Seal processing company Carino took a unique approach to promoting the seal hunt, setting up outside a concert by animal rights supporter Bryan Adams in St. John's on Saturday night.

Singer has supported PETA and other animal rights causes

Selling seal products at Bryan Adams

11 years ago
Duration 2:58
Carino CEO Dion Dakins brought a truckload of seal products to PETA supporter Bryan Adams' St. John's concerts

Seal processing company Carino took a unique approach to promoting the hunt outside the Bryan Adams concert in St. John's on Saturday night.

Adams, who played two shows at Mile One, has previously supported animal rights group PETA, and opposed the seal hunt.

Carino Processing Ltd. CEO Dion Dakins set up a van to sell pelts and other seal products near the stadium on Saturday. Carino is one of the largest seal processing companies in Newfoundland and Labrador, if not Canada.
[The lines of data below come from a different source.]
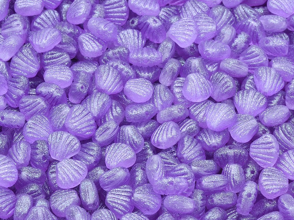 České skleněné korálky ve tvaru mušle, velikost 8x7 mm, obsah balení 30 ks nebo níže uvedené. Barva křišťál s dekorem 542004.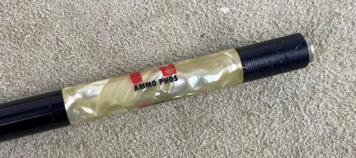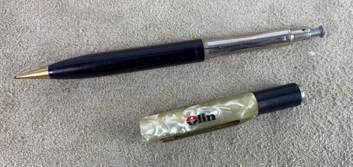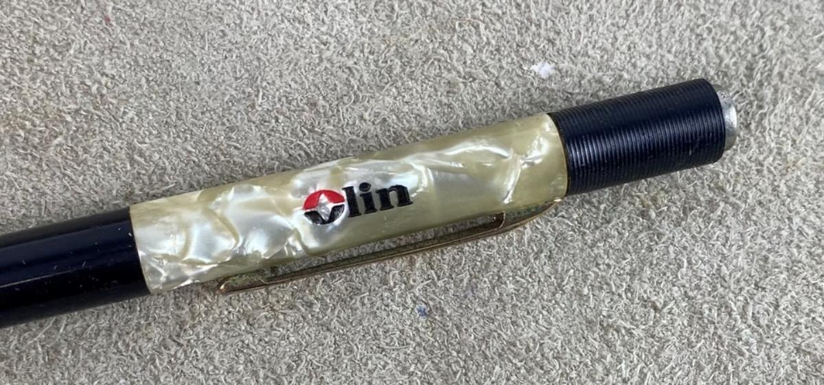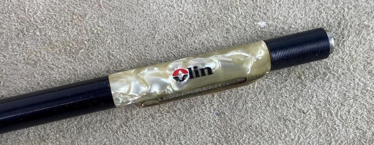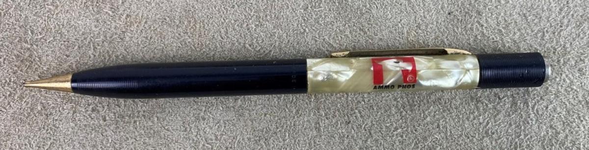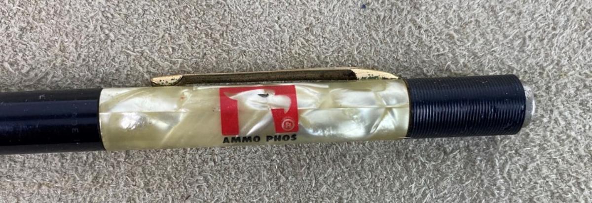 With some normal age and use wear here is a Sheaffer Fineline advertising mechanical pencil promoting OLIN AMMO-PHOS fertilizer...Pearlized band..5.25" long...Working condition.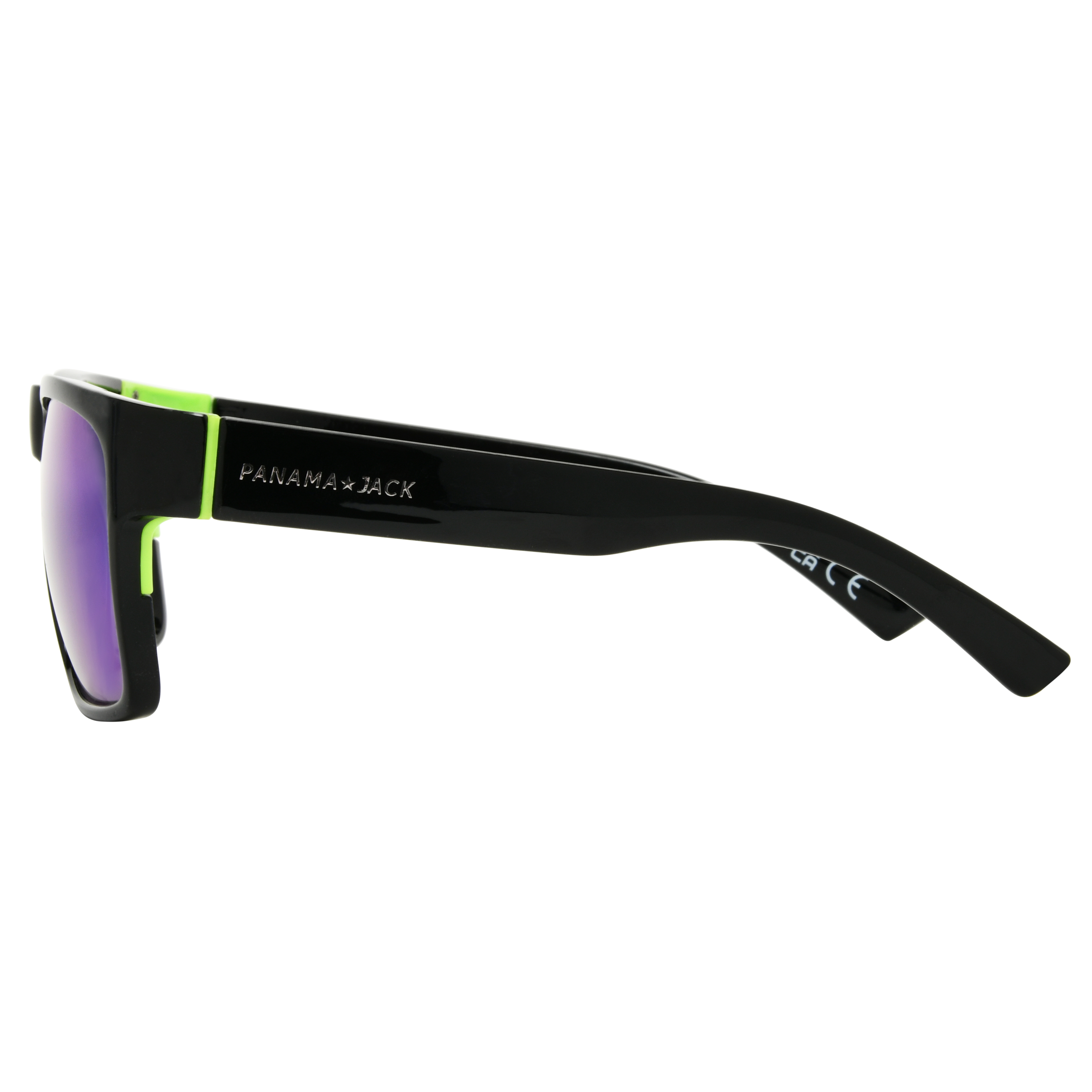 These Panama Jack x Foster Grant Black Square Men's Sunglasses feature a strong square frame in matte black with subtle green accents for a modern, athletic edge. The mirrored polarized lenses reduce glare while adding a bold pop of color. Built with scratch and impact-resistant lenses, they also provide 100% UVA-UVB lens protection. Sleek and durable, they’re perfect for both everyday wear and active outdoor use.Specifications

"It's not a boycott of Bryan Adams or anything else — this is not about Bryan Adams, this is about an industry that's trying to survive," said Dakins.

"We have false information that's going around by parent organizations like PETA … that don't recognize how professional and how necessary our industry is, so we just wanted to offer some product to wanting consumers."
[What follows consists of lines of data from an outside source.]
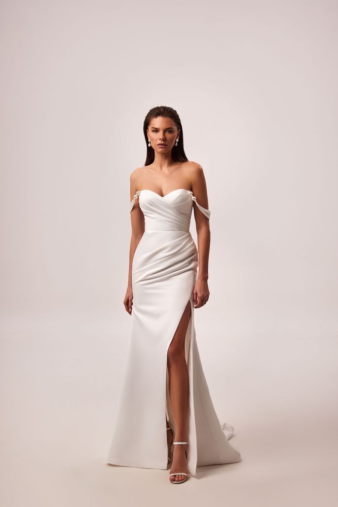 This gown was designed at a standard length to account for the different heights and shoe choices of each bride. The hem can be easily altered for the perfect fit.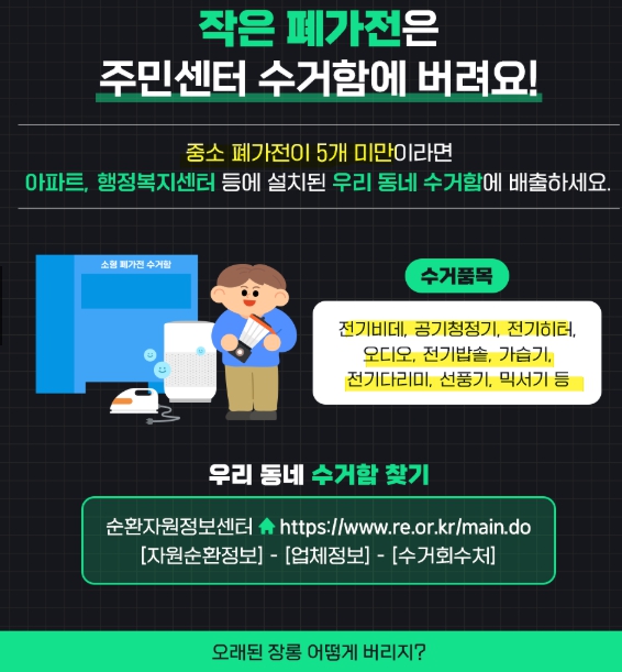 중소 폐가전이 5개 미만이라면 가까운 주민센터나 아파트 단지 내 폐가전 수거함 이용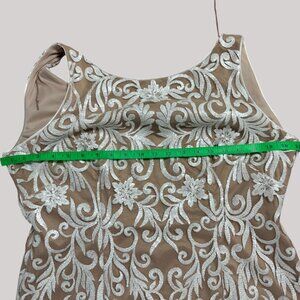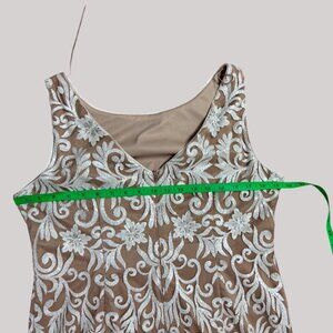 This elegant dress features a beautiful beige base with intricate white floral patterns. Perfect for any occasion, it combines style and comfort effortlessly.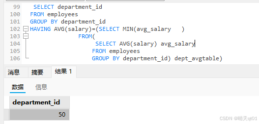 所以这里我们也用了一个子查询,还是比较有意思的,接下来我们要查那个部门的工资等于这个值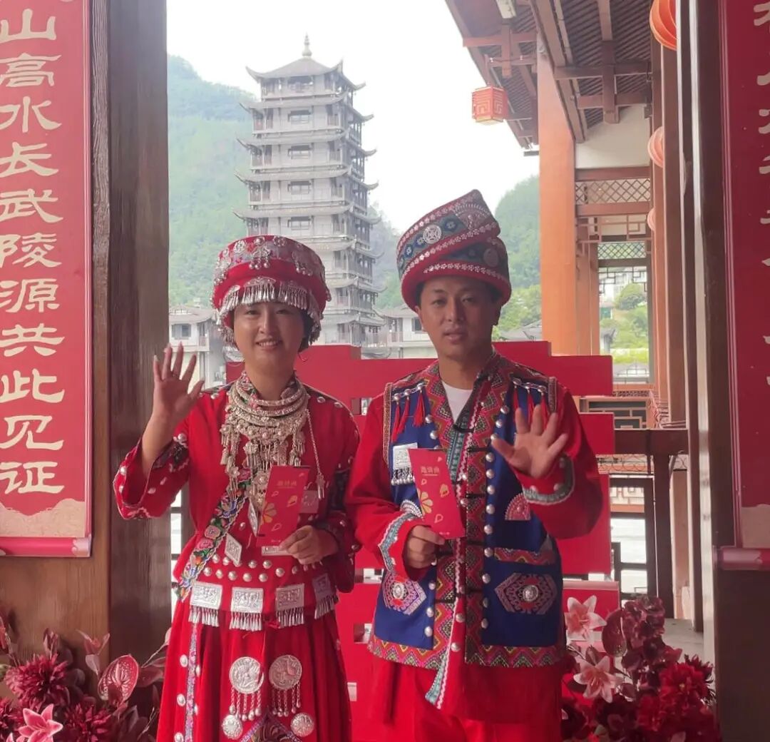 “今天不光是七夕节,同时也是我们两个人的生日,非常有意义的一天!”王女士幸福地说。她表示,她和温先生是来张家界旅游的。因为恰逢七夕,又是两人共同的生日,于是决定干脆“就地领证”。两人在当地租了一套喜庆的土家族服饰,拍了甜蜜合影。更让王女士惊喜的是,当地还赠送了他们两张峰林音乐节邀请函。“太惊喜了,还有我喜欢的陈楚生!”

Dakins said he'd welcome an opportunity to discuss the controversial issue with people opposed to the seal hunt to explain the actual process and reasoning behind it.

"I know that PETA has used a lot of false information, I follow their campaigns. We have veterinary inspected protocols that show seals are hunted humanely," he said.

"There's big problems in our fishery, quota cuts, and seals are playing a big part into that. It's the highest [seal population] we've seen since we've been managing fisheries that we've had a seal population this high and we'd just like due respect to have conversations with these people."

Dakins said campaigns by groups like PETA have badly damaged the sealing industry, but the popularity of seal products this year has convinced him the industry still has a future.

It was early in the day when Dakins spoke to CBC News, but he said he had already sold more than he thought he would.

Adams told St. John's newspaper The Telegram he was against the deliberate killing of all animals, not just seals.